[Task brief]: Would you give back exactly the lines from the line with "Castro. | pt_BR |" through the end of the entries below, both included, but none of the pictures?

[Data under study]:
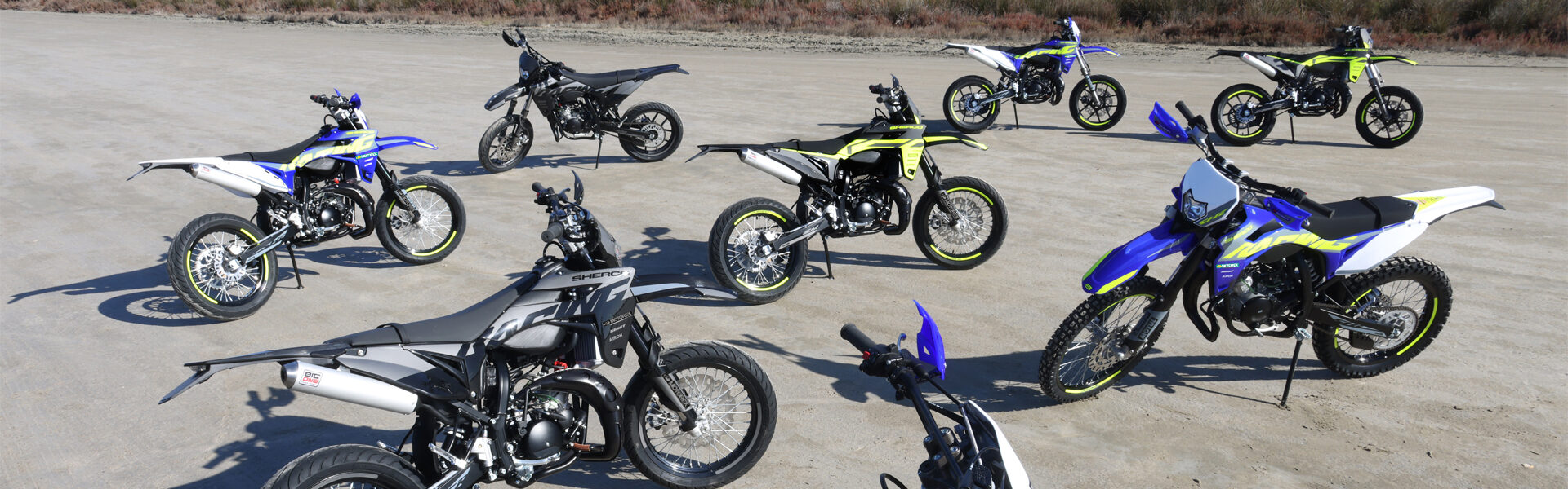 Wij verkopen de welbekende Sherco schakelbrommers zoals de SM Black Moon RS 50cc 2takt E5 met upside down voorvork en spaakwielen. Sherco is een bedrijf gevestigd in Frankrijk dat zich al jaren bewijst in de cross en endurowereld voor zijn uitstekende kwaliteit. Het lichte gewicht, in combinatie met het ijzersterke Minarelli AM6 Euro5 motorblok maakt de Sherco brommers dan ook kwalitatief sterke en betrouwbare bromfietsen. Uiteraard voeren wij ook het onderhoud en reparaties uit aan de Sherco schakelbrommers, dus op naar Haalderen bij Bemmel of bel: 0481-464569 of e-mail naar info@wheels2drive.nl, ook op afspraak
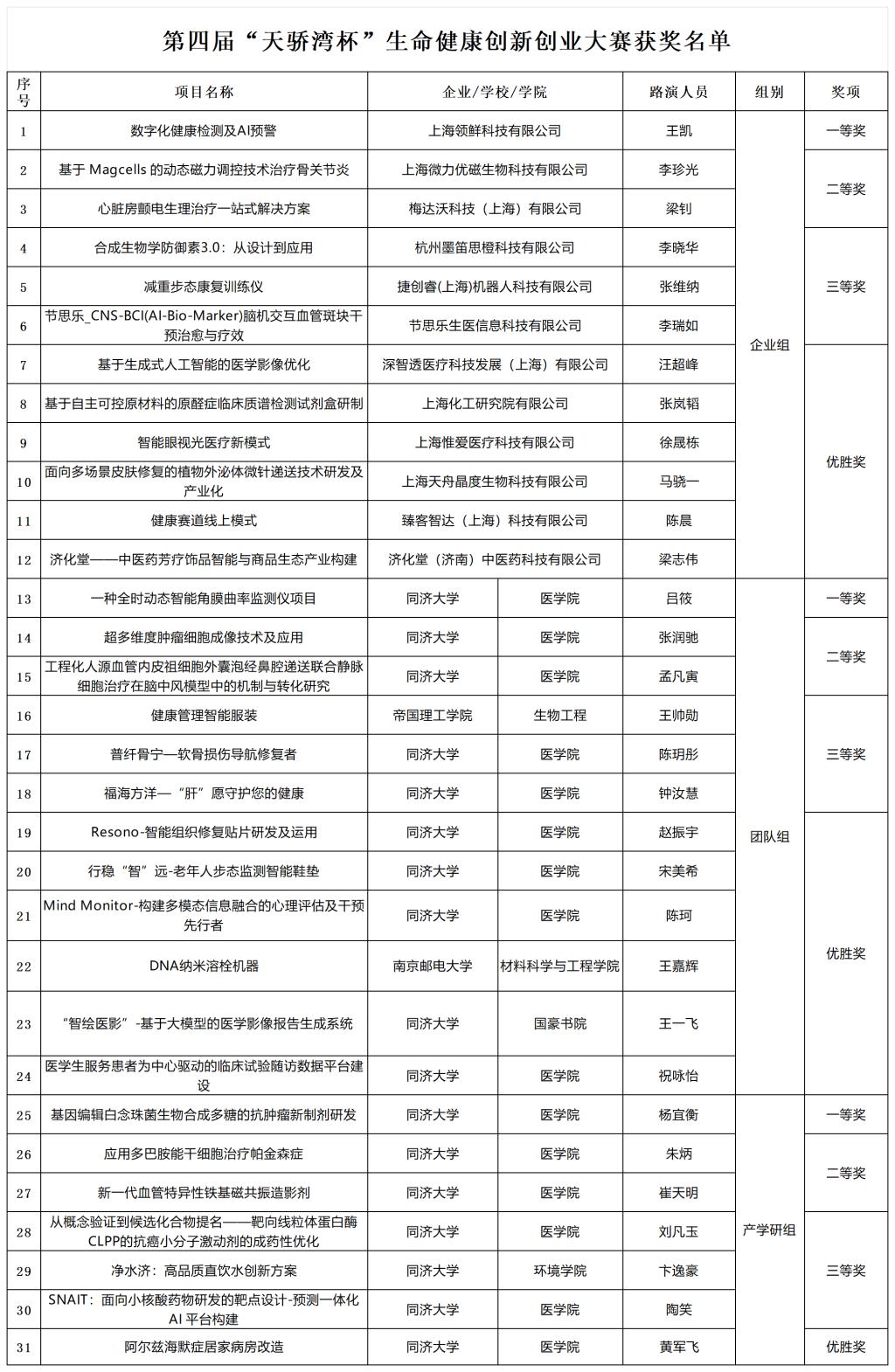 大赛主题为“同医共创 产业共生”,聚焦生命健康领域及以此为应用场景的数智化创新方向,并传承前三届赛事积累的经验与初心,首次引入“产学研组”,旨在以大赛为纽带,构建起高校科研成果、企业需求与园区资源之间的闭环体系,推动同济创新成果高效转化与应用,聚力打造环同济数智健康产业带。本届大赛自启动以来,受到社会各界广泛关注,吸引了众多生命健康领域的创业企业和团队踊跃参与,共有90多个项目报名参赛。经过三轮的激烈角逐,大赛共有获奖项目31个,其中企业组、团队组和产学研组一等奖各1个、二等奖各2个、三等奖各3个,优胜奖共计13个。
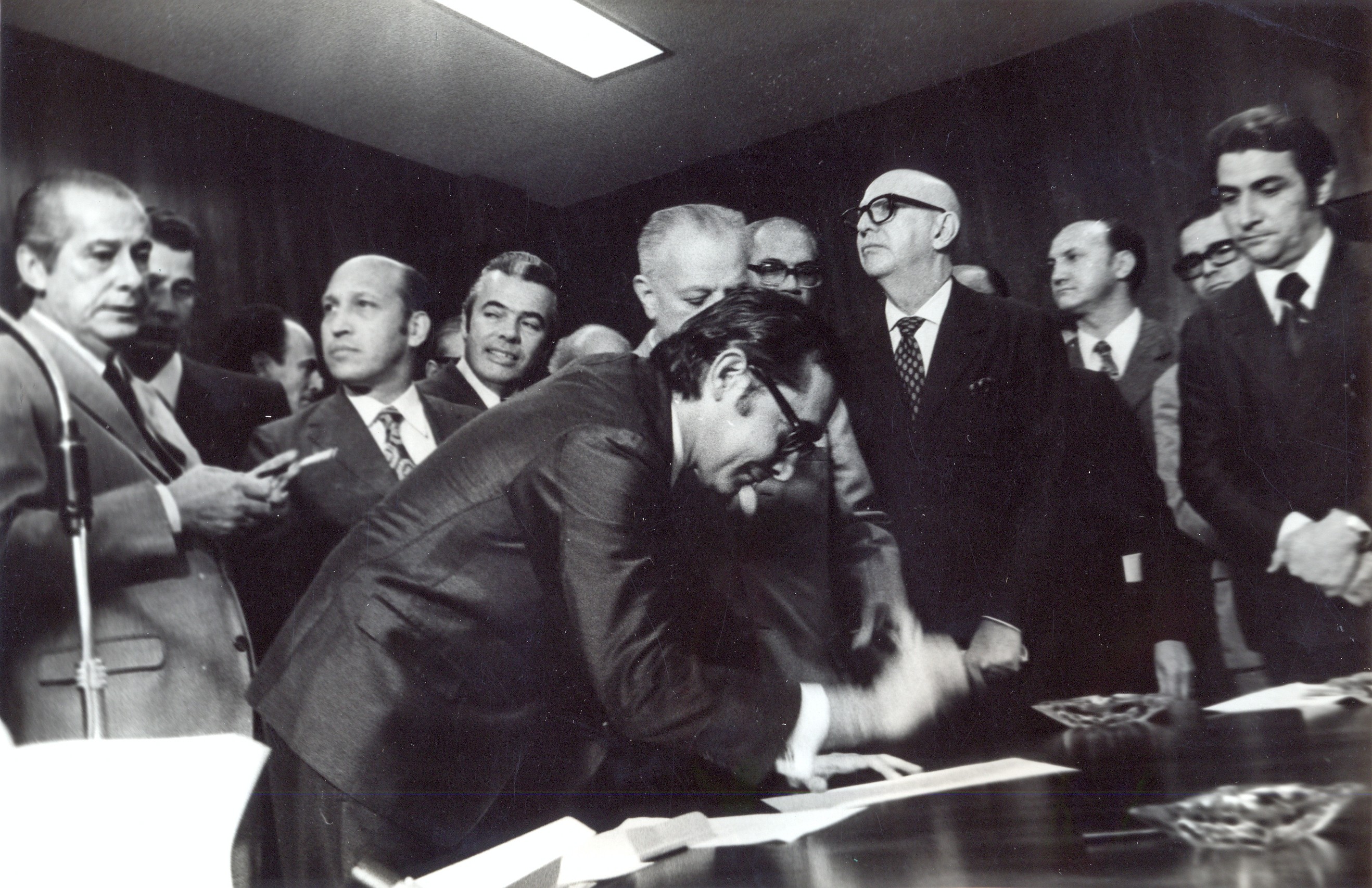 | dc.description | Assinatura do convênio entre o Ministério do Planejamento e a Fundação João Pinheiro (FJP), para execução de projetos de treinamento para altos executivos, como parte do "Programa Nacional de Treinamento de Executivos" (PNTE), criado pelo Ministério do Planejamento. Vê-se o ministro do planejamento, João Paulo dos Reis Veloso, assinava, e à direita, o presidente da Fundação João Pinheiro (FJP) Luis de Oliveira Castro. | pt_BR |
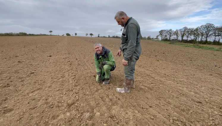 Des conditions de semis au top, cette semaine, pour la Cuma de Chazé-sur-Argos : "on ne sème pas dans la poussière, on a eu de l'eau et ça a humidifié un peu le terrain, et puis il y a de la matière en surface, des débris, qui permettent d'éviter la formation de croûte de battance. Que ça soit pour les conditions et pour la date de semis, on est à l'optimum", se réjouit l'éleveur Mickaël Bauland, qui délègue tous ses semis à la Cuma de l'Argos.
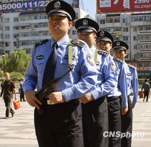 图为北京“北大门”河北承德街头武装巡逻的公安民警。中新社发 翟羽佳 摄
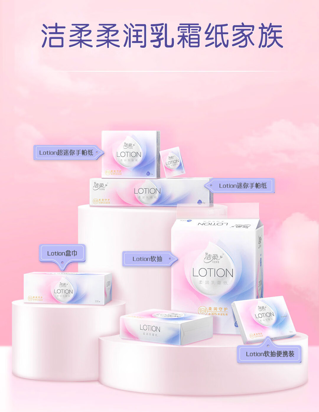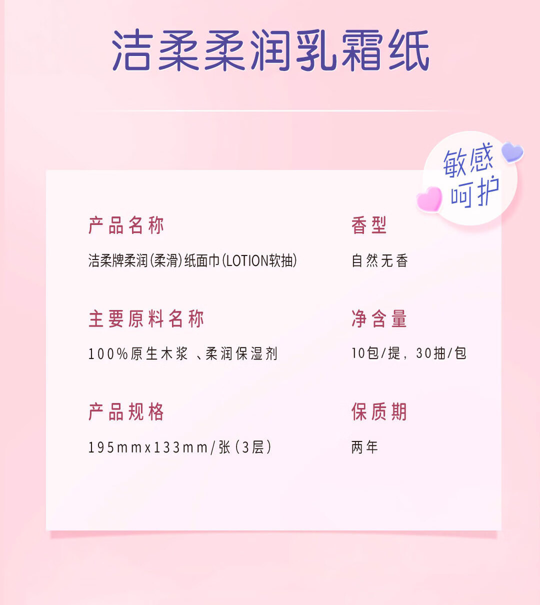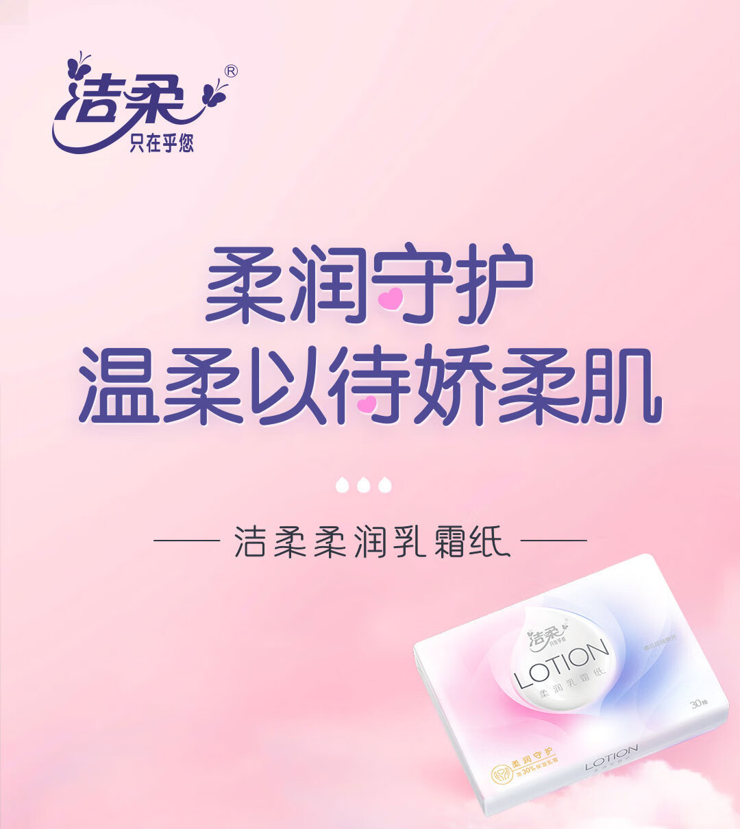 洁柔抽纸Lotion乳霜纸3层30抽面巾纸*10包(高端婴儿纸 敏感肌适用)
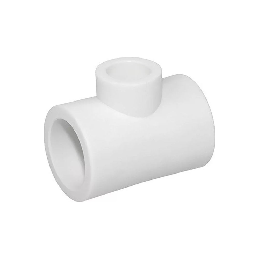 Тройник с толщиной стенки 9,5 мм выполнен из белого полипропилена

[Exercise result]:
 | dc.description | Assinatura do convênio entre o Ministério do Planejamento e a Fundação João Pinheiro (FJP), para execução de projetos de treinamento para altos executivos, como parte do "Programa Nacional de Treinamento de Executivos" (PNTE), criado pelo Ministério do Planejamento. Vê-se o ministro do planejamento, João Paulo dos Reis Veloso, assinava, e à direita, o presidente da Fundação João Pinheiro (FJP) Luis de Oliveira Castro. | pt_BR |
 Des conditions de semis au top, cette semaine, pour la Cuma de Chazé-sur-Argos : "on ne sème pas dans la poussière, on a eu de l'eau et ça a humidifié un peu le terrain, et puis il y a de la matière en surface, des débris, qui permettent d'éviter la formation de croûte de battance. Que ça soit pour les conditions et pour la date de semis, on est à l'optimum", se réjouit l'éleveur Mickaël Bauland, qui délègue tous ses semis à la Cuma de l'Argos.
 图为北京“北大门”河北承德街头武装巡逻的公安民警。中新社发 翟羽佳 摄
 洁柔抽纸Lotion乳霜纸3层30抽面巾纸*10包(高端婴儿纸 敏感肌适用)
 Тройник с толщиной стенки 9,5 мм выполнен из белого полипропилена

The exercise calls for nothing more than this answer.